Ritter was the chief United Nations weapons inspector in Iraq during the Nineties. He became a darling of the press and Democrat Party when he began criticizing President Bush’s invasion of Iraq in the strongest possible terms. On the eve of war, he predicted the United States would “leave Iraq with its tail between its legs, defeated.” Our defeat was “inevitable” because we did not “have the military means to take over Baghdad.”
Once the U.S. military made Ritter eat those words, he transitioned smoothly into a full-time apologist for the Iraqi terrorist insurgency, which he described as a “genuine grassroots national liberation movement.” He declared that history will eventually “depict as legitimate the efforts of the Iraqi resistance to destabilize and defeat the American occupation forces and their imposed Iraqi collaborationist government.”
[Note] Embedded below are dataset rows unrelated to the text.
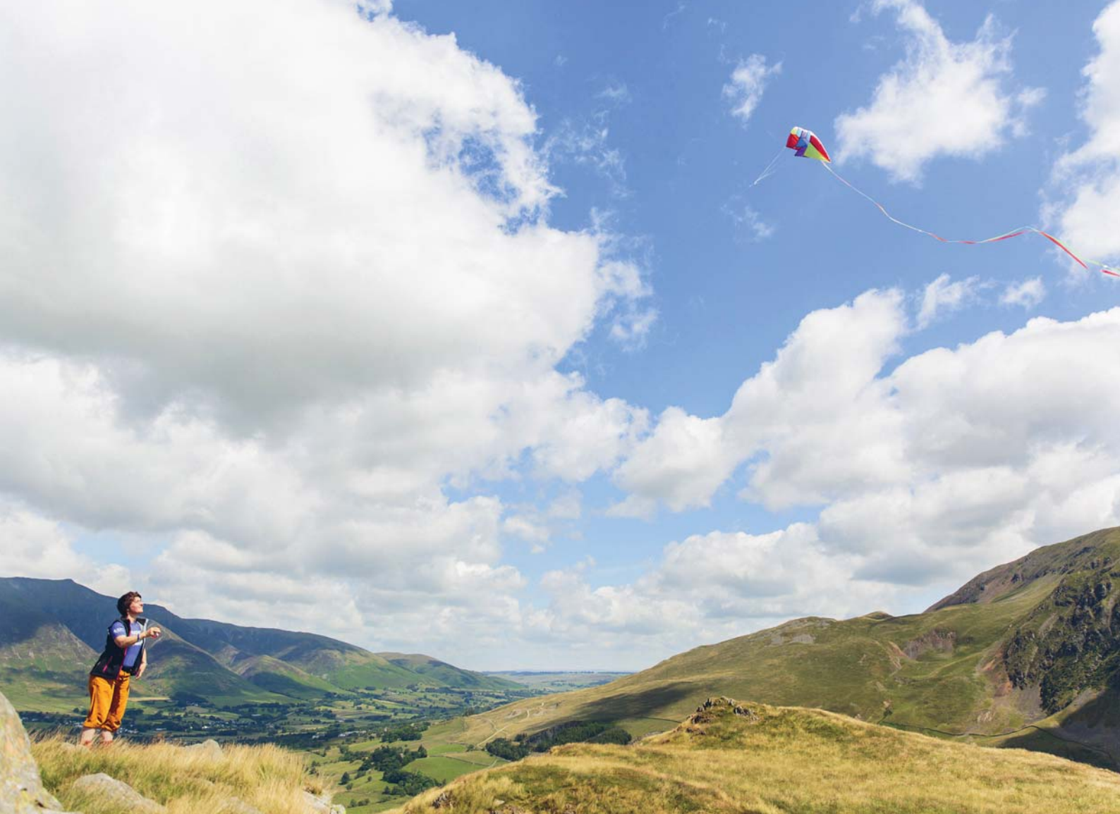
Lake District National Park, UK
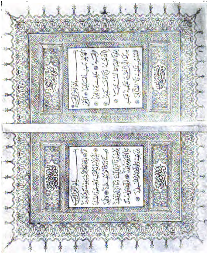
A VERSE OF THE KORAN
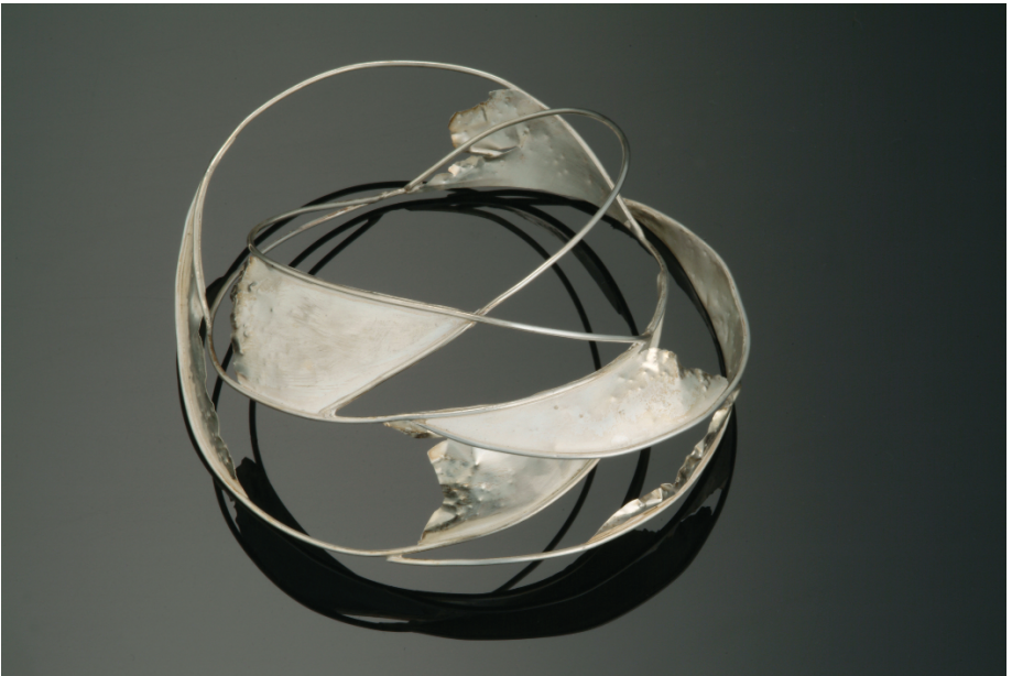
Valerie Kasinkas (2005) Variety Serices Bracelet
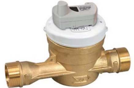
EverBlu Cyble Enhanced fitted on Commercial and Industrial water meter
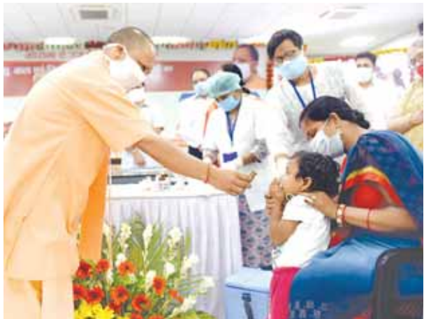
Chief Minister Yogi Adityanath administering vitamin A dose to a child while kicking off the National Worm Eradication Campaign in Lucknow on Monday.

He said that eight COVID-19 deaths in Lucknow included one in Mayo hospital, two each in Vidya and Integral hospitals,
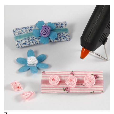
Glue flowers onto the ribbon.
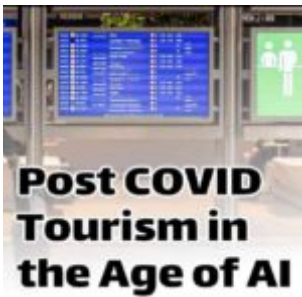
Post-COVID Tourism in the Age of AI
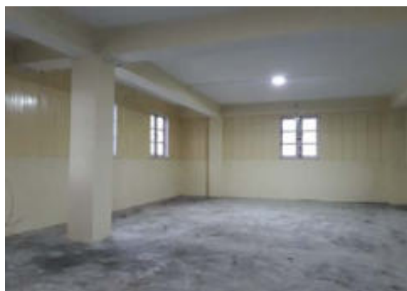
Construction of New Taxidermy Unit at Bengal Natural History Museum

Ritter maintained that the entire disarmament effort directed at Iraq, including both pre-war sanctions and the war itself, were a massive “fraud” and “conspiracy” begun by the first President Bush to get rid of Iraq’s rightful ruler, Saddam Hussein. He described the search for weapons of mass destruction in post-war Iraq as “a public joke.” The British intelligence that figured so prominently in the run-up to the war was not merely mistaken, but an “abysmal abuse of power that occurred when Blair’s government lied to Parliament, and the electorate, about the threat posed by Iraq’s WMD.”
He was an early and reliable hysteric about the imminent Bush attack on peace-loving Iran. He even wrote a book on the subject, Target Iran: The Truth About the White House’s Plans for Regime Change. “There’s no doubt in my mind that the United States is planning right now, as we speak, a military strike against Iran,” he said in April 2008. “We take a look at the military buildup, we take a look at the rhetoric, we take a look at the diplomatic posturing, and I would say that it’s a virtual guarantee that there will be a limited aerial strike against Iran in the not-so-distant future.”
As a fervent Bush critic with a military background, United Nations credentials, and (best of all) some history as a Republican, Ritter was extremely useful to the anti-war Left, which absolutely lionized him. “Few people were as right about the Iraq War as Scott Ritter was,” declared liberal writer Glenn Greenwald, adding that it was “difficult to imagine someone with greater credentials and credibility who ought to have been listened to on those issues.” At the Daily Kos, they called him “one of the few who called bulls**t on Bushco’s claims of WMDs in Iraq… A former Marine and former Republican, he’s not exactly a partisan player, he seems to be a guy who just doesn’t like being lied to.”
And then, suddenly, Scott Ritter disappeared. The Left stopped talking about him. The legacy media stopped running his articles. His media perch as the pre-eminent Bush critic crumbled to dust overnight.
Why? Because Scott Ritter is a convicted pedophile.
His offenses caught up with him in a Pennsylvania court on Friday, where a jury found him guilty on six counts of unlawful contact with a minor. He was taken down in an online sting operation, when he used a webcam to show himself having inappropriate contact with his own naked body to someone he thought was a 15-year-old girl. His sentencing will take place next month.
It’s a big story in the foreign press, but the U.S. media has been very subdued in reporting Ritter’s conviction. Like Cindy Sheehan, John Edwards, and other hard-Left superheroes, he stopped being interesting when he stopped being useful.